What I have seen from Koodankulam to Jharkhand are all indications of people’s faith in non-violence. I haven’t seen any group that believes in democratic process speaking of promoting violence. The Koodankulam and Jaitapur are good examples of non-violent struggles against nuclear plants. There is no reason why the police should have used violence against the non-violent actors of Jaitapur. The agitation in Chengara by Adivasis and Dalits for land is going on for the last 5 years in a non-violent way. Many struggles against dams, mining and industries across the country are non-violent struggles. It was through strong non-violent struggles that the people were able to protect Gandhamardhn in Orissa. Again, it was non violent struggle by Adivasis in Jharkhand that blocked the possibility of displacing large number of people through Koel Karo project.

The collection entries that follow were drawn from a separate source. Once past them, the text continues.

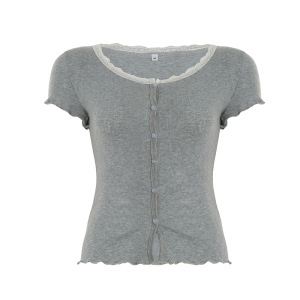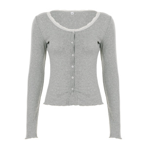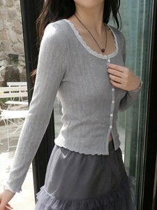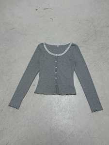 新款甜美清新风圆领蕾丝拼接排扣镂空针织少女修身显瘦长袖上衣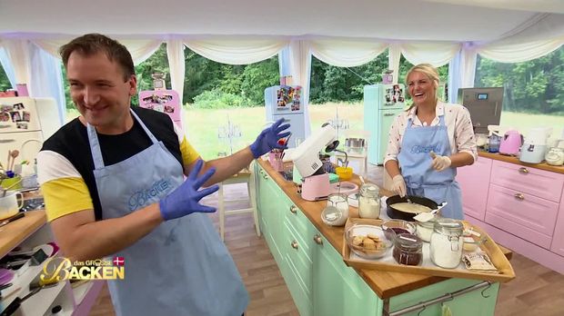Das große Backen - Die Profis Team Rot. Cosima und Martin machten ihre Leidenschaft zum Beruf. Auf die Plätze fertig jetzt wird gebacken.
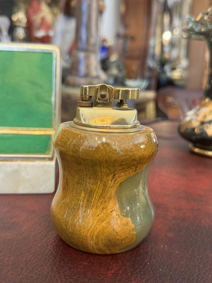 1. Bricheta de masă: Este piesa centrală a setului, având un mecanism metalic auriu marcat "ROYAL". Corpul brichetei este sculptat dintr-un bloc masiv de onix, cu o formă ergonomică, ușor curbată.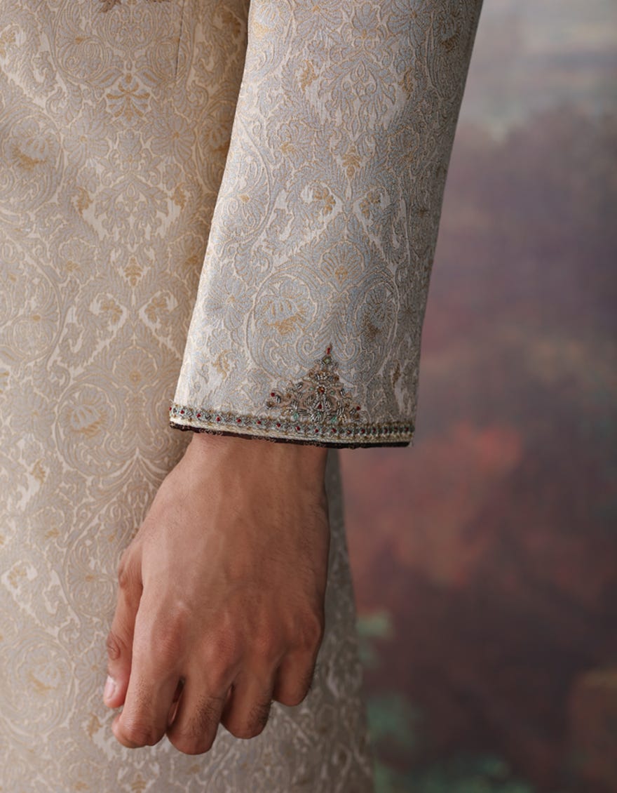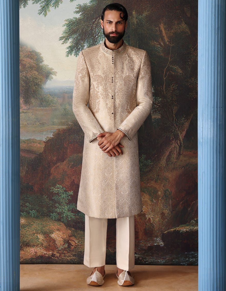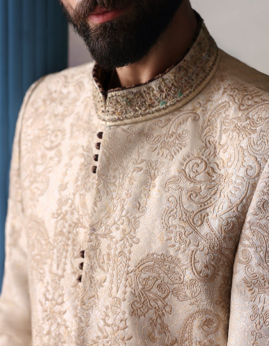 Short Description Dull gold - self-jacquard embossed texture sherwani for groom’s men collection in tradition cut heavy embellishment on collar, front and sleeves.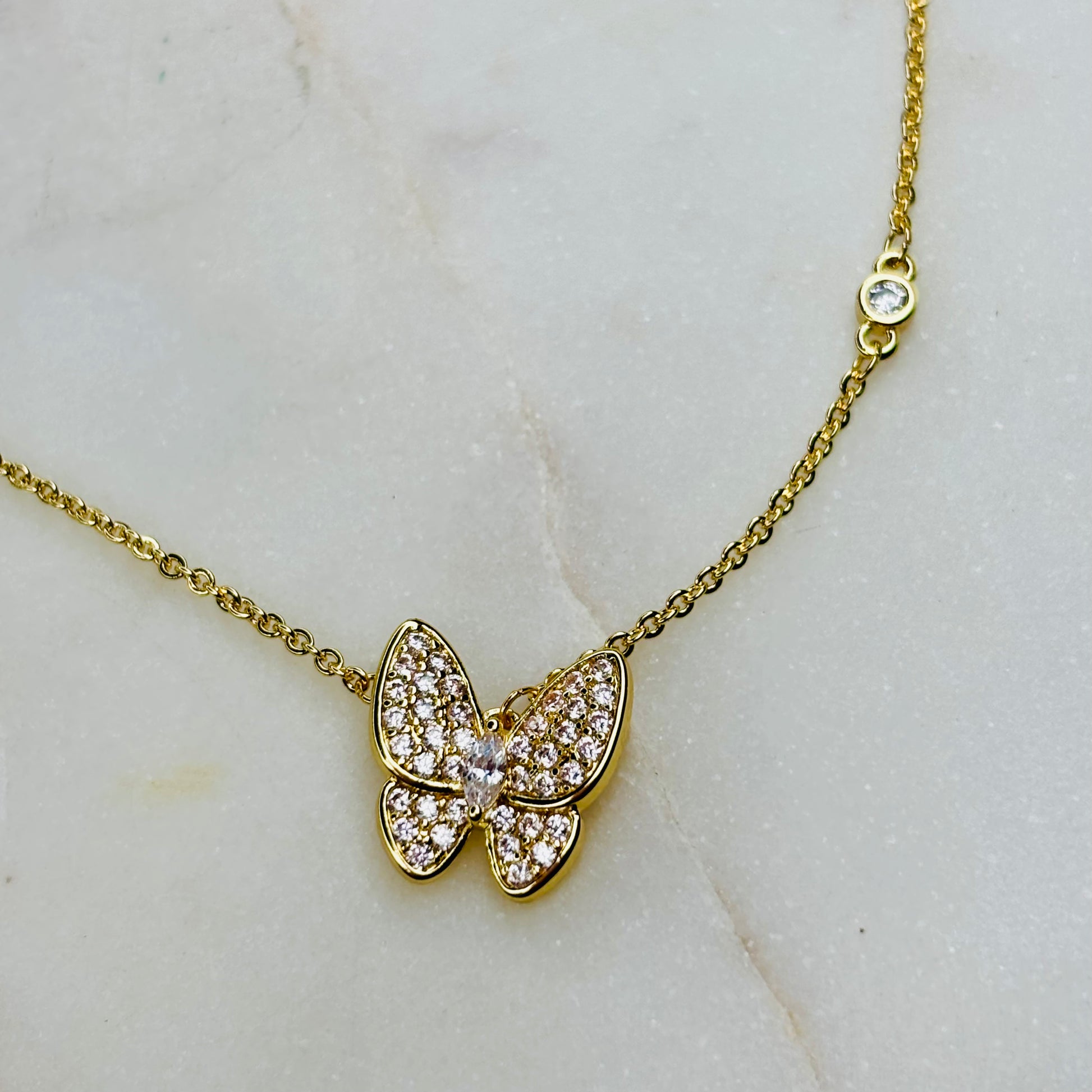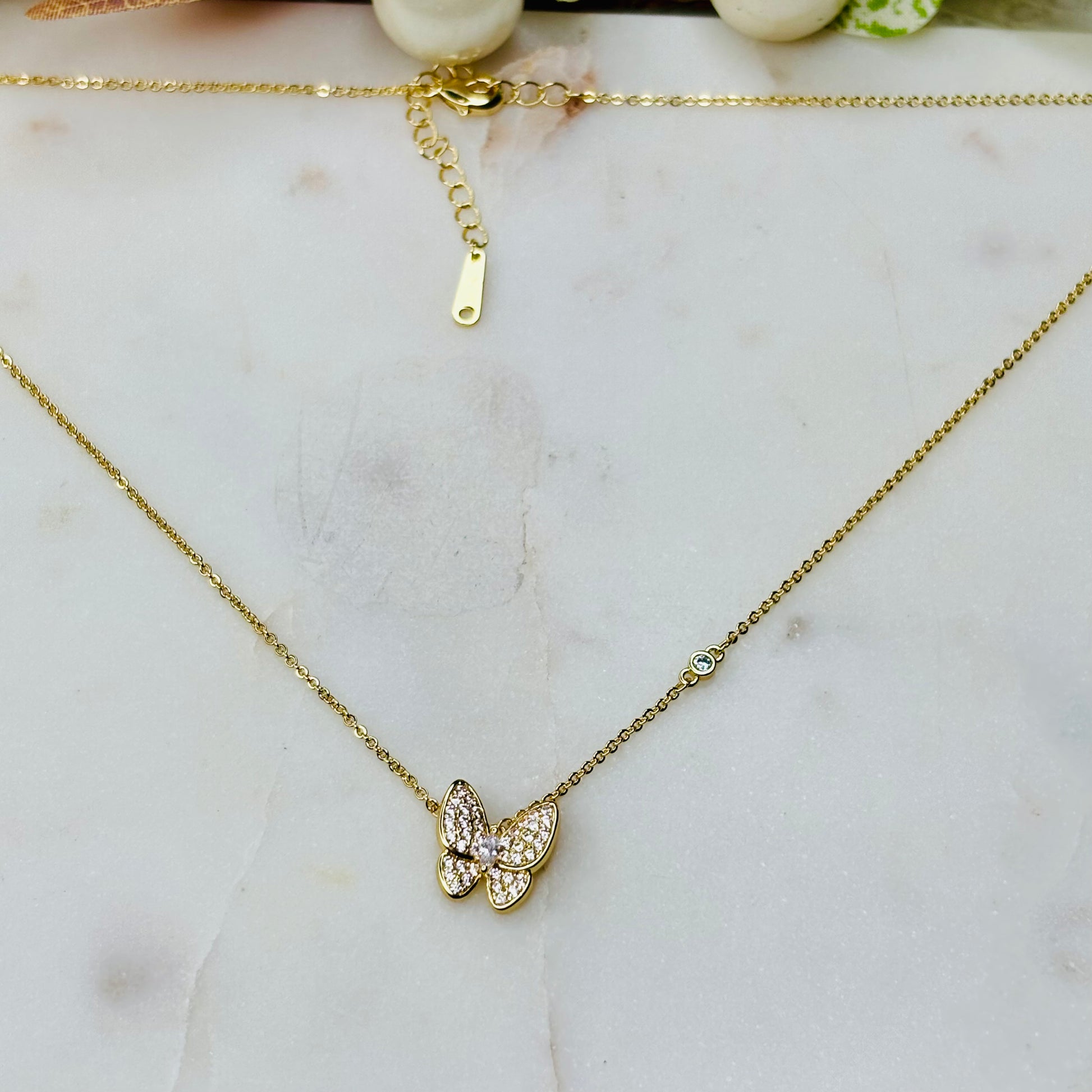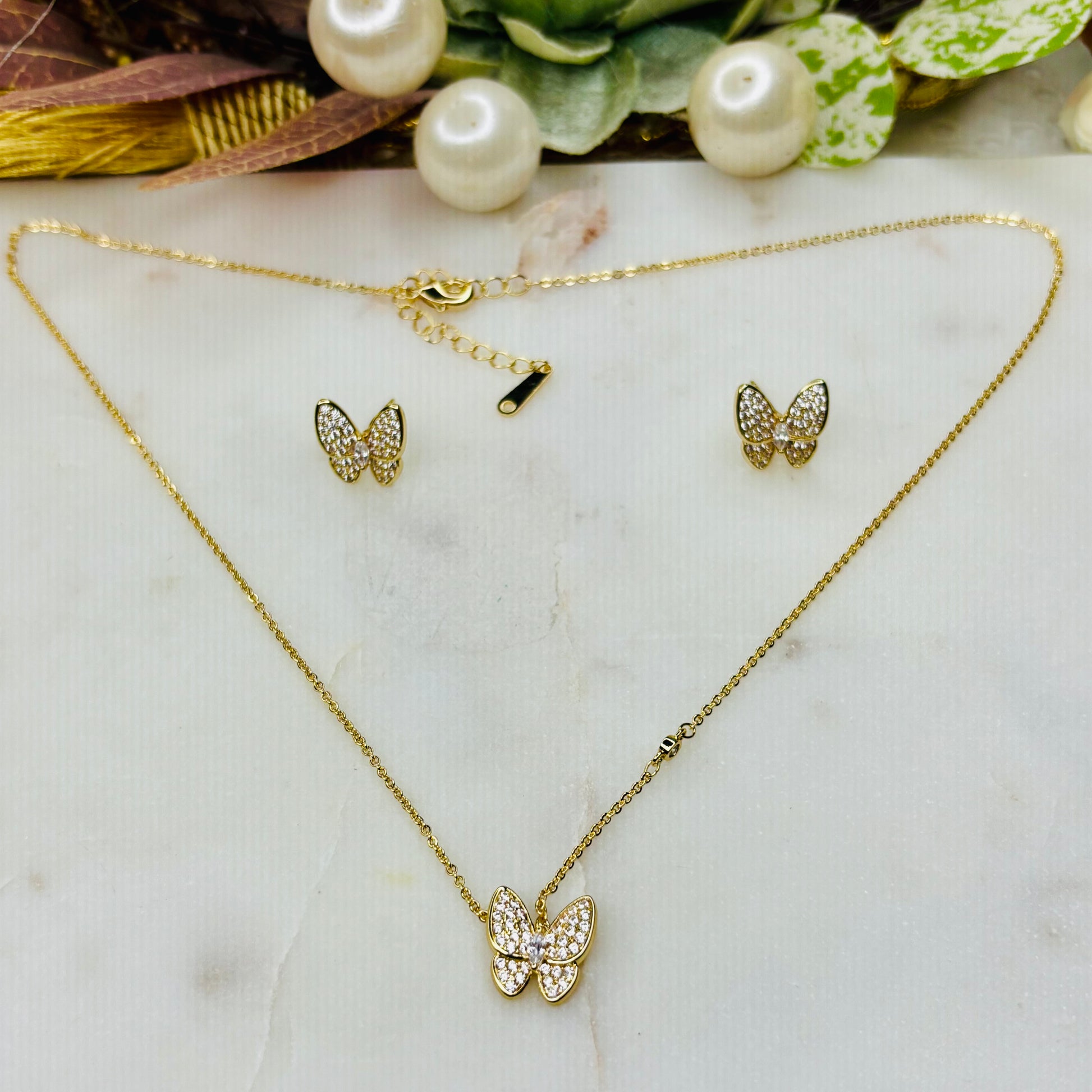 Add a touch of whimsy to your look with this golden butterfly jewelry set, featuring delicate zircon-infused butterflies on each earring and pendant. Its small, charming design makes it perfect for everyday sparkle or layering with your favorite pieces.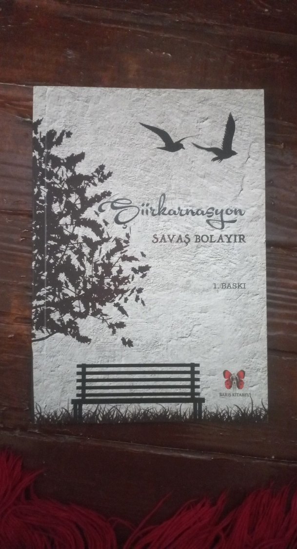 Savaş Bolayır'ın "Şiirkarnasyon" adlı şiir kitabı, kuşlar ve banka çizimiyle sade bir kapak tasarımına sahiptir. 1. baskıdır.

There is no reason to open fire in Kalinganagar in Orissa. This has become fashionable for the police or the paramilitary forces to open fire on innocent people. I wish the state will realize the condition in which they are living. On one hand the state is trying to destroy non-violent movements by using violence and on the other side the state is trying to build its capacity to use violence by propagating that the country is faced by huge violence. Slowly people are realizing this contradiction and they are started questioning the state for using excessive violence against its own citizens. While the poor people are the victims on the ground the intellectuals are indifferent and they look the other side, leaving the country into deeper trouble.